Triumph of the Sparrow
Zen Poems of Shinkichi Takahashiby Lucien Stryk
“You need know nothing of Zen to become immersed in his work. You will inevitably know something of Zen when you emerge.” – Jim Harrison, American Poetry Review
Shinkichi Takahashi is one of the truly great figures in world poetry. In the classic Zen tradition of economy, disciplined attention, and subtlety, Takahashi lucidly captures that which is contemporary in its problems and experiences, yet classic in its quest for unity with the Absolute.
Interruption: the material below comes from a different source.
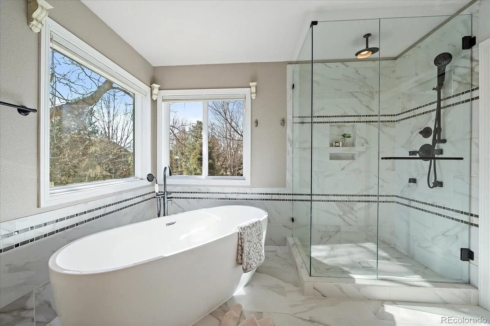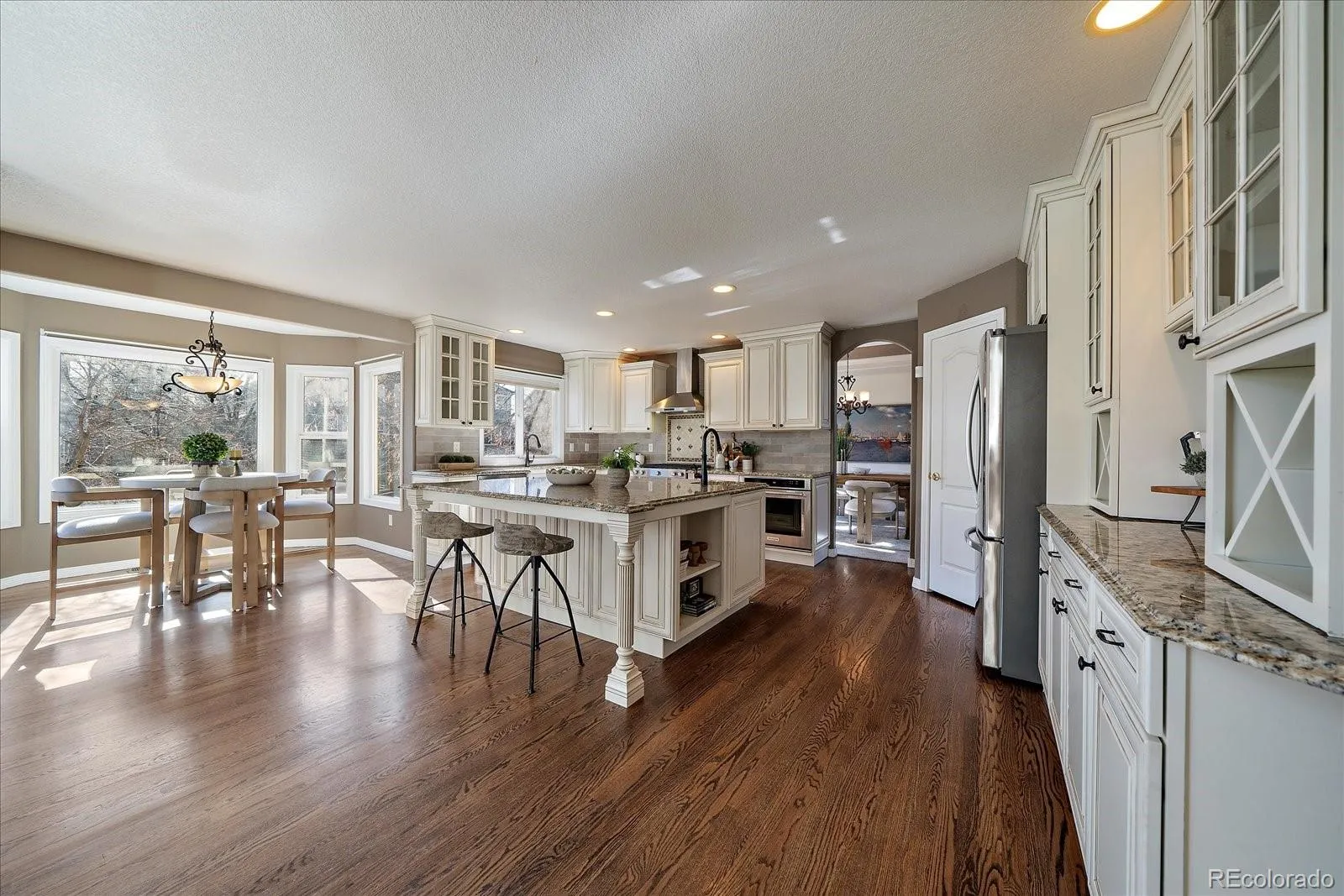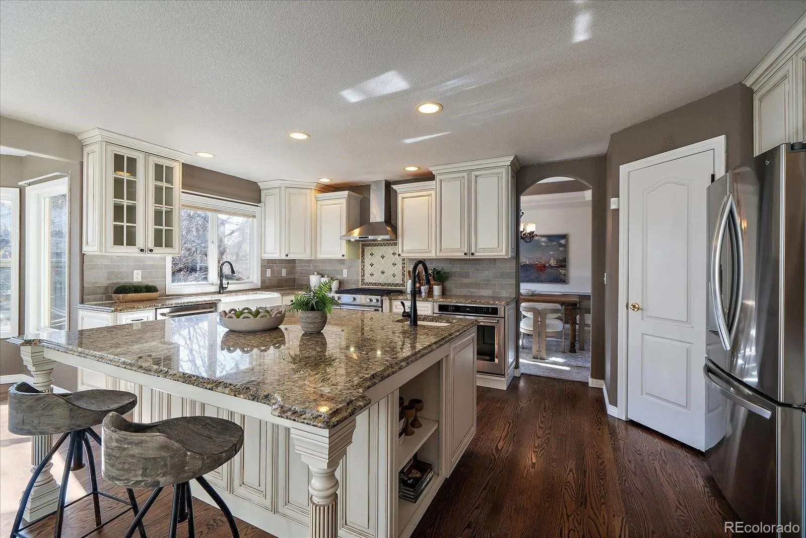An updated 5 bedroom, 5 bathroom beauty with 3-car garage on a cul-de-sac backing to a greenbelt in Willow Springs with access to the community pool, clubhouse, tennis courts, walking trails, parks and ponds! The main level features beautiful wood flooring and a dedicated office with wood floors, vaulted ceiling, plantation shutters and French doors – ideal for working from home. The living room is filled with natural light from several large windows while the dining room is accented by an elegant coffered ceiling. The updated kitchen is beautiful with wood flooring, farmhouse sink, double ovens, gas range, large island with a prep sink, abundant cabinetry and a spacious corner pantry. The breakfast nook with bay windows overlooks the backyard and greenbelt beyond. The family room features high ceilings, built-ins, a gas fireplace, and direct access to the composite deck—perfect for indoor-outdoor living. A spacious tiled laundry and mudroom features a sink basin, upper and lower cabinets, coat closet and the washer & dryer are included. Upstairs, the primary suite offers a sitting area and an updated five-piece bath with dual sinks, granite countertops, standalone tub, walk-in shower, walk-in closet, linen closet and corner windows above the tub. Two bedrooms share a Jack-and-Jill bath with double sinks and an additional upper-level bedroom includes a private 3/4 ensuite bath.

Lucien Stryk, Takahashi’s fellow poet and close friend, here presents Takahashi’s complete body of Zen poems in an English translation that conveys the grace and power of Takahashi’s superb art.
A Wood in Sound
The pine tree sways in the smoke,
Which streams up and up.
There’s a wood in sound.
My legs lose themselves
Where the river mirrors daffodils
Like faces in a dream.
A cold wind and the white memory
Of a sasanqua.
Warm rain comes and goes.
I’ll wait calmly on the bank
Till the water clears
And willows start to bud.
Time is singed on the debris
Of air raids.
Somehow, here and now, I am another.
Aching of Life
There must be something better,
But I’m satisfied just as I am.
Monkeys sport deep in the forest,
Fish shoot up the mountain stream.
If there’s change, there’s also repose–
Which soon must suffer change.
Along the solar orbit of the night,
I feel life’s constant aching:
Smack in the middle of the day,
I found moonlight between a woman’s legs.